## [Input data]
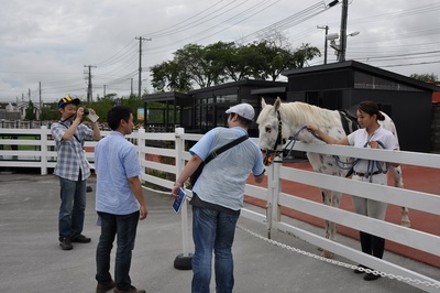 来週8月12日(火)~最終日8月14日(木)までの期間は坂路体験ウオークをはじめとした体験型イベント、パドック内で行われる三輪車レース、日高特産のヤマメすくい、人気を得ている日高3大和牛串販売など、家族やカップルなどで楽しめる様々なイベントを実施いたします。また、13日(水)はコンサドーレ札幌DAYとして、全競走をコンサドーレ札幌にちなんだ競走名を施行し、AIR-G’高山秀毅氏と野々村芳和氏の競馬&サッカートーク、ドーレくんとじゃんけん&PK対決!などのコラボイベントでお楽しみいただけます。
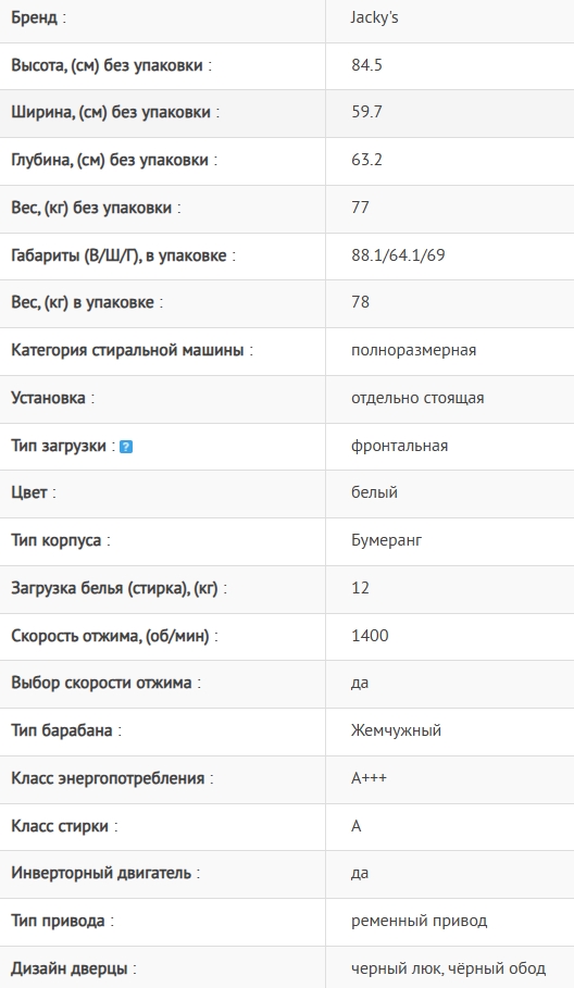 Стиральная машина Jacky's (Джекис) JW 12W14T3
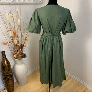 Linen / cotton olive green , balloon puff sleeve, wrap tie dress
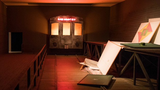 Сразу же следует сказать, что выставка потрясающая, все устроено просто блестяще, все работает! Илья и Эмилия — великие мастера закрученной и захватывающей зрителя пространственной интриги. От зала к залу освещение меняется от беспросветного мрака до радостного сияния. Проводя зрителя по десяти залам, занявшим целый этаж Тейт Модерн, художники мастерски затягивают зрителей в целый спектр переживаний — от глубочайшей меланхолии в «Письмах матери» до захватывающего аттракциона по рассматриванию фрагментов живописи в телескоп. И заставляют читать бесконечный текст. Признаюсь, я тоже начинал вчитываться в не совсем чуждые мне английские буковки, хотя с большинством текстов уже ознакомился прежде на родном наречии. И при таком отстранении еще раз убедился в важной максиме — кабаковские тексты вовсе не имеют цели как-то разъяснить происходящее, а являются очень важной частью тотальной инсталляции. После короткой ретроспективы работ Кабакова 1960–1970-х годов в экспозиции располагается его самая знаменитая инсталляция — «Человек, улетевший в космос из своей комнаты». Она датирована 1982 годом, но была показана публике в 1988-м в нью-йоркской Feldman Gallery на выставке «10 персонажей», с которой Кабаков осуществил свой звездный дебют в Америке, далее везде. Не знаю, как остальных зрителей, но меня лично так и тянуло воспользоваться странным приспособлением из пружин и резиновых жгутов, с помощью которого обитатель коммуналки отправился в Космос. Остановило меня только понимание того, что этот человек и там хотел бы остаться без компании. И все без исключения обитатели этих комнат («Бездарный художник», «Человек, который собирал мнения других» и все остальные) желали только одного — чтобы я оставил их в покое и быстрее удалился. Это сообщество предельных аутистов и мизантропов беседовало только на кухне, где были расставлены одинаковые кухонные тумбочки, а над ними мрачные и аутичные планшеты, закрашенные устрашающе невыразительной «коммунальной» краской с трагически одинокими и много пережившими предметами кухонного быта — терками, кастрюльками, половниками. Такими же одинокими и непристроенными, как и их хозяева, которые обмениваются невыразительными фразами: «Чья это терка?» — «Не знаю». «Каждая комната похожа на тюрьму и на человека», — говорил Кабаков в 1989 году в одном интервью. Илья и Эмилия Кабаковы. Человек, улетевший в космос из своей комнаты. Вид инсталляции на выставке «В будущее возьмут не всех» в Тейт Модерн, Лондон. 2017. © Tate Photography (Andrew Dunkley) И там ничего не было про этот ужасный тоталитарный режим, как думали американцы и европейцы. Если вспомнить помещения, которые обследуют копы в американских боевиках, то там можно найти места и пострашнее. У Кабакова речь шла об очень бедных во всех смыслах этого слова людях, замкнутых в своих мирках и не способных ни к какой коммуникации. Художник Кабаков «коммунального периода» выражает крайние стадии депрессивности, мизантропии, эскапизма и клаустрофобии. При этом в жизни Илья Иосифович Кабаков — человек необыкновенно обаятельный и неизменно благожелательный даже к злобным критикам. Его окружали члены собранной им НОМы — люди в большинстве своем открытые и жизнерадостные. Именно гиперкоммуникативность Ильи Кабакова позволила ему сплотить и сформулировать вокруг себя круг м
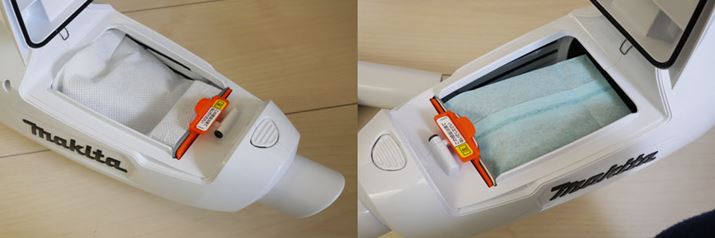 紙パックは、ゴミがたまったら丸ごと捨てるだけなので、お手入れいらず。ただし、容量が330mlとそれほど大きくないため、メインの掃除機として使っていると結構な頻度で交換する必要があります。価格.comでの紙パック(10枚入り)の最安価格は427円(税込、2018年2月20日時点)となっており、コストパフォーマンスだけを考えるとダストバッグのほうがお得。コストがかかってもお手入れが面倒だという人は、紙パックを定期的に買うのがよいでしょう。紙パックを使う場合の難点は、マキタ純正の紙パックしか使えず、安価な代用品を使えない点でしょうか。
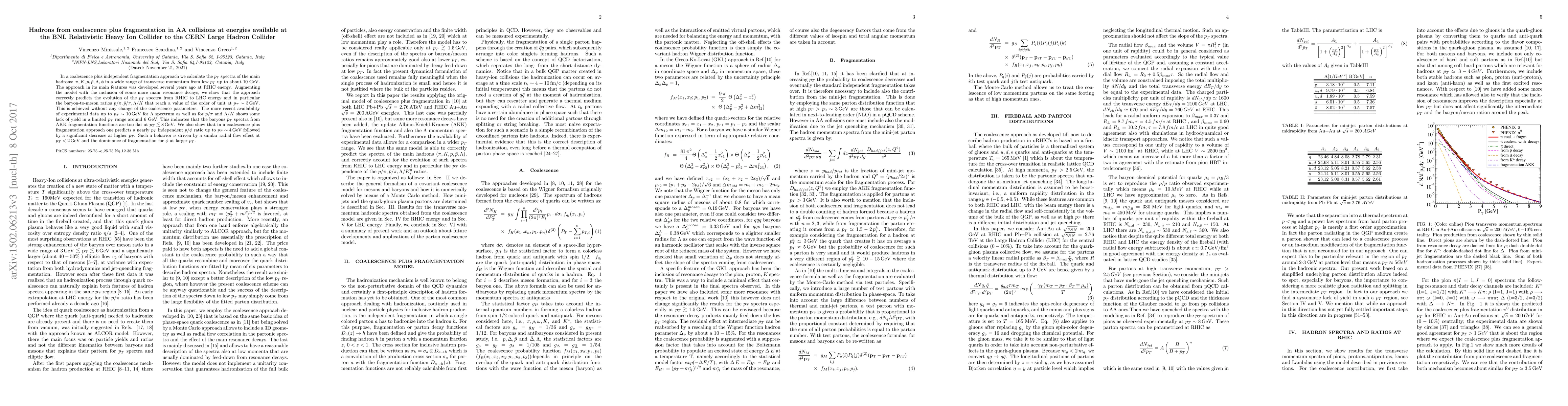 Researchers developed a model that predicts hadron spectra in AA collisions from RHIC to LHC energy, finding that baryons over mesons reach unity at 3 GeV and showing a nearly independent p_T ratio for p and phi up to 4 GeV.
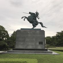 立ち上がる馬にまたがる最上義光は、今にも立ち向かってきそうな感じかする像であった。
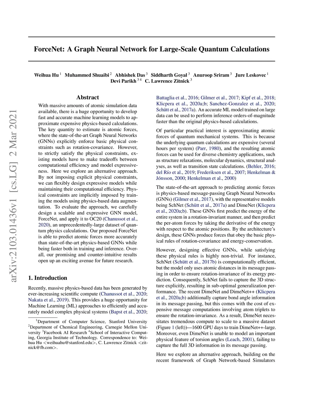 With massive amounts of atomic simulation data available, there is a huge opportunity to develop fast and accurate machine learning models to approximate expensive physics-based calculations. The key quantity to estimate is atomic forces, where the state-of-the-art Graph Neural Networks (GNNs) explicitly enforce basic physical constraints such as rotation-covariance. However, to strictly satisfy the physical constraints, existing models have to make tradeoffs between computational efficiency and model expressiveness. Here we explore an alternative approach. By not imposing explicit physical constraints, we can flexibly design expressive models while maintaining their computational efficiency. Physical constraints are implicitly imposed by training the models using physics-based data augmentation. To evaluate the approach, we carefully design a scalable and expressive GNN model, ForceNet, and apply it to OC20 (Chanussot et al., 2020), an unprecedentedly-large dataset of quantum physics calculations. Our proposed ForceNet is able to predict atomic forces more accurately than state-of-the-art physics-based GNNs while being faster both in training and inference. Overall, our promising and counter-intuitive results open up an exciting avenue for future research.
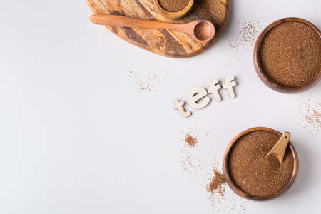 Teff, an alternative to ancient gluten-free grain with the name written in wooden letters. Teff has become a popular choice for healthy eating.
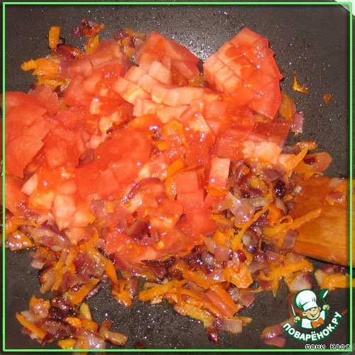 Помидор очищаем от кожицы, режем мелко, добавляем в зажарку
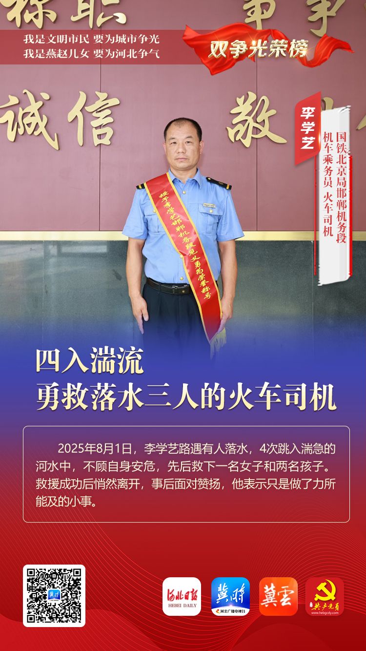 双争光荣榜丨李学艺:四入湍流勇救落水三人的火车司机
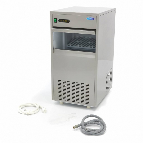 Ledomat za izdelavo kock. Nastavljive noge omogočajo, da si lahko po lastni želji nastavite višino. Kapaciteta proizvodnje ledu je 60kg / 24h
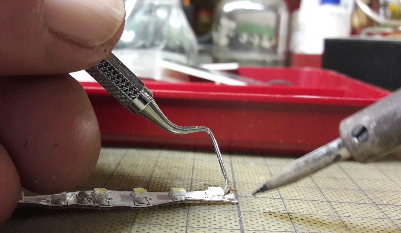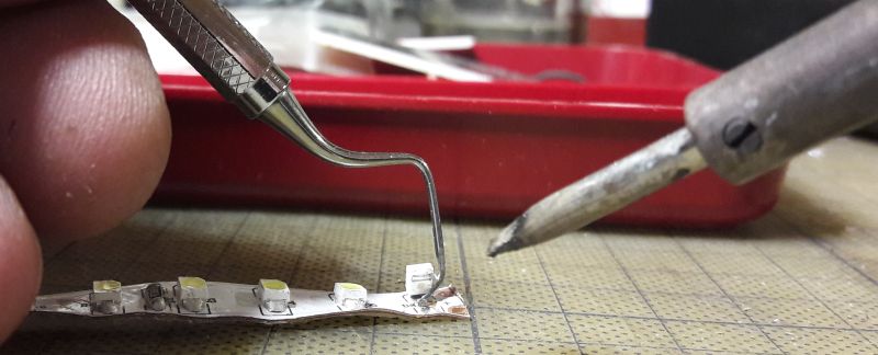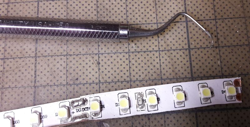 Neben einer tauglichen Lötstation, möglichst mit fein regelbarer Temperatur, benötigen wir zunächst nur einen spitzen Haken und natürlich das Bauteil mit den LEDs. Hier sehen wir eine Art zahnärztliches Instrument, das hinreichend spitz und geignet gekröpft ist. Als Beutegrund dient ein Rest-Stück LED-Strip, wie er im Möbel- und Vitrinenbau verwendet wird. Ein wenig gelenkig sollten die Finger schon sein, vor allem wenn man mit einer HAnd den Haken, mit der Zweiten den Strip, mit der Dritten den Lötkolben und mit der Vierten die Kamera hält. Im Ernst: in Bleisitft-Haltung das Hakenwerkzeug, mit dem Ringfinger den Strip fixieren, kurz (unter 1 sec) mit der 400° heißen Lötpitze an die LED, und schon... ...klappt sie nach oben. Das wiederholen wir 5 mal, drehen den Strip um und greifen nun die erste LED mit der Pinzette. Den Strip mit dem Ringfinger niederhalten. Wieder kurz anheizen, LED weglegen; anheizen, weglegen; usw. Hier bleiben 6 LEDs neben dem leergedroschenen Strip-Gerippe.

## [Task details]
Every record must be copied exactly, with the pictures left out.

## [Task result]
 来週8月12日(火)~最終日8月14日(木)までの期間は坂路体験ウオークをはじめとした体験型イベント、パドック内で行われる三輪車レース、日高特産のヤマメすくい、人気を得ている日高3大和牛串販売など、家族やカップルなどで楽しめる様々なイベントを実施いたします。また、13日(水)はコンサドーレ札幌DAYとして、全競走をコンサドーレ札幌にちなんだ競走名を施行し、AIR-G’高山秀毅氏と野々村芳和氏の競馬&サッカートーク、ドーレくんとじゃんけん&PK対決!などのコラボイベントでお楽しみいただけます。
 Стиральная машина Jacky's (Джекис) JW 12W14T3
 Linen / cotton olive green , balloon puff sleeve, wrap tie dress
 Сразу же следует сказать, что выставка потрясающая, все устроено просто блестяще, все работает! Илья и Эмилия — великие мастера закрученной и захватывающей зрителя пространственной интриги. От зала к залу освещение меняется от беспросветного мрака до радостного сияния. Проводя зрителя по десяти залам, занявшим целый этаж Тейт Модерн, художники мастерски затягивают зрителей в целый спектр переживаний — от глубочайшей меланхолии в «Письмах матери» до захватывающего аттракциона по рассматриванию фрагментов живописи в телескоп. И заставляют читать бесконечный текст. Признаюсь, я тоже начинал вчитываться в не совсем чуждые мне английские буковки, хотя с большинством текстов уже ознакомился прежде на родном наречии. И при таком отстранении еще раз убедился в важной максиме — кабаковские тексты вовсе не имеют цели как-то разъяснить происходящее, а являются очень важной частью тотальной инсталляции. После короткой ретроспективы работ Кабакова 1960–1970-х годов в экспозиции располагается его самая знаменитая инсталляция — «Человек, улетевший в космос из своей комнаты». Она датирована 1982 годом, но была показана публике в 1988-м в нью-йоркской Feldman Gallery на выставке «10 персонажей», с которой Кабаков осуществил свой звездный дебют в Америке, далее везде. Не знаю, как остальных зрителей, но меня лично так и тянуло воспользоваться странным приспособлением из пружин и резиновых жгутов, с помощью которого обитатель коммуналки отправился в Космос. Остановило меня только понимание того, что этот человек и там хотел бы остаться без компании. И все без исключения обитатели этих комнат («Бездарный художник», «Человек, который собирал мнения других» и все остальные) желали только одного — чтобы я оставил их в покое и быстрее удалился. Это сообщество предельных аутистов и мизантропов беседовало только на кухне, где были расставлены одинаковые кухонные тумбочки, а над ними мрачные и аутичные планшеты, закрашенные устрашающе невыразительной «коммунальной» краской с трагически одинокими и много пережившими предметами кухонного быта — терками, кастрюльками, половниками. Такими же одинокими и непристроенными, как и их хозяева, которые обмениваются невыразительными фразами: «Чья это терка?» — «Не знаю». «Каждая комната похожа на тюрьму и на человека», — говорил Кабаков в 1989 году в одном интервью. Илья и Эмилия Кабаковы. Человек, улетевший в космос из своей комнаты. Вид инсталляции на выставке «В будущее возьмут не всех» в Тейт Модерн, Лондон. 2017. © Tate Photography (Andrew Dunkley) И там ничего не было про этот ужасный тоталитарный режим, как думали американцы и европейцы. Если вспомнить помещения, которые обследуют копы в американских боевиках, то там можно найти места и пострашнее. У Кабакова речь шла об очень бедных во всех смыслах этого слова людях, замкнутых в своих мирках и не способных ни к какой коммуникации. Художник Кабаков «коммунального периода» выражает крайние стадии депрессивности, мизантропии, эскапизма и клаустрофобии. При этом в жизни Илья Иосифович Кабаков — человек необыкновенно обаятельный и неизменно благожелательный даже к злобным критикам. Его окружали члены собранной им НОМы — люди в большинстве своем открытые и жизнерадостные. Именно гиперкоммуникативность Ильи Кабакова позволила ему сплотить и сформулировать вокруг себя круг м
 紙パックは、ゴミがたまったら丸ごと捨てるだけなので、お手入れいらず。ただし、容量が330mlとそれほど大きくないため、メインの掃除機として使っていると結構な頻度で交換する必要があります。価格.comでの紙パック(10枚入り)の最安価格は427円(税込、2018年2月20日時点)となっており、コストパフォーマンスだけを考えるとダストバッグのほうがお得。コストがかかってもお手入れが面倒だという人は、紙パックを定期的に買うのがよいでしょう。紙パックを使う場合の難点は、マキタ純正の紙パックしか使えず、安価な代用品を使えない点でしょうか。
 Researchers developed a model that predicts hadron spectra in AA collisions from RHIC to LHC energy, finding that baryons over mesons reach unity at 3 GeV and showing a nearly independent p_T ratio for p and phi up to 4 GeV.
 立ち上がる馬にまたがる最上義光は、今にも立ち向かってきそうな感じかする像であった。
 With massive amounts of atomic simulation data available, there is a huge opportunity to develop fast and accurate machine learning models to approximate expensive physics-based calculations. The key quantity to estimate is atomic forces, where the state-of-the-art Graph Neural Networks (GNNs) explicitly enforce basic physical constraints such as rotation-covariance. However, to strictly satisfy the physical constraints, existing models have to make tradeoffs between computational efficiency and model expressiveness. Here we explore an alternative approach. By not imposing explicit physical constraints, we can flexibly design expressive models while maintaining their computational efficiency. Physical constraints are implicitly imposed by training the models using physics-based data augmentation. To evaluate the approach, we carefully design a scalable and expressive GNN model, ForceNet, and apply it to OC20 (Chanussot et al., 2020), an unprecedentedly-large dataset of quantum physics calculations. Our proposed ForceNet is able to predict atomic forces more accurately than state-of-the-art physics-based GNNs while being faster both in training and inference. Overall, our promising and counter-intuitive results open up an exciting avenue for future research.
 Teff, an alternative to ancient gluten-free grain with the name written in wooden letters. Teff has become a popular choice for healthy eating.
 Помидор очищаем от кожицы, режем мелко, добавляем в зажарку
 双争光荣榜丨李学艺:四入湍流勇救落水三人的火车司机
 Ledomat za izdelavo kock. Nastavljive noge omogočajo, da si lahko po lastni želji nastavite višino. Kapaciteta proizvodnje ledu je 60kg / 24h
 Neben einer tauglichen Lötstation, möglichst mit fein regelbarer Temperatur, benötigen wir zunächst nur einen spitzen Haken und natürlich das Bauteil mit den LEDs. Hier sehen wir eine Art zahnärztliches Instrument, das hinreichend spitz und geignet gekröpft ist. Als Beutegrund dient ein Rest-Stück LED-Strip, wie er im Möbel- und Vitrinenbau verwendet wird. Ein wenig gelenkig sollten die Finger schon sein, vor allem wenn man mit einer HAnd den Haken, mit der Zweiten den Strip, mit der Dritten den Lötkolben und mit der Vierten die Kamera hält. Im Ernst: in Bleisitft-Haltung das Hakenwerkzeug, mit dem Ringfinger den Strip fixieren, kurz (unter 1 sec) mit der 400° heißen Lötpitze an die LED, und schon... ...klappt sie nach oben. Das wiederholen wir 5 mal, drehen den Strip um und greifen nun die erste LED mit der Pinzette. Den Strip mit dem Ringfinger niederhalten. Wieder kurz anheizen, LED weglegen; anheizen, weglegen; usw. Hier bleiben 6 LEDs neben dem leergedroschenen Strip-Gerippe.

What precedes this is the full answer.